Exercise — What you return should be every line below, word for word, and none of the images.

*** Collected material Section Begins ***

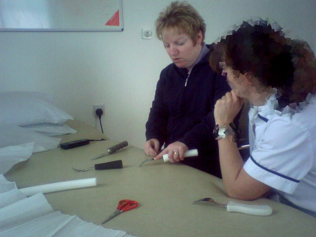 The physio went to get some adapted forks which basically have big grips, which are more easy for kp to hold.
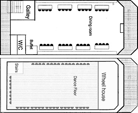 The covered upper deck is great for dancing or just admiring the view. With catering facilities on board, a range of menus
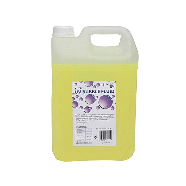Met deze hoge kwaliteit fluorescerende bellenblaasvloeistof voor gebruik in bellenblaasmachines maak je grote en stevige bellen. Door de UV gevoelige toevoeging lichten de bellen op onder UV licht voor een zeer speciaal effect. De vloeistof laat geen residu op kleding of meubilair achter en bevat geen stoffen die schadelijk zijn voor de gezondheid.

*** Collected material Section Ends ***

Your solution —
 The physio went to get some adapted forks which basically have big grips, which are more easy for kp to hold.
 The covered upper deck is great for dancing or just admiring the view. With catering facilities on board, a range of menus
Met deze hoge kwaliteit fluorescerende bellenblaasvloeistof voor gebruik in bellenblaasmachines maak je grote en stevige bellen. Door de UV gevoelige toevoeging lichten de bellen op onder UV licht voor een zeer speciaal effect. De vloeistof laat geen residu op kleding of meubilair achter en bevat geen stoffen die schadelijk zijn voor de gezondheid.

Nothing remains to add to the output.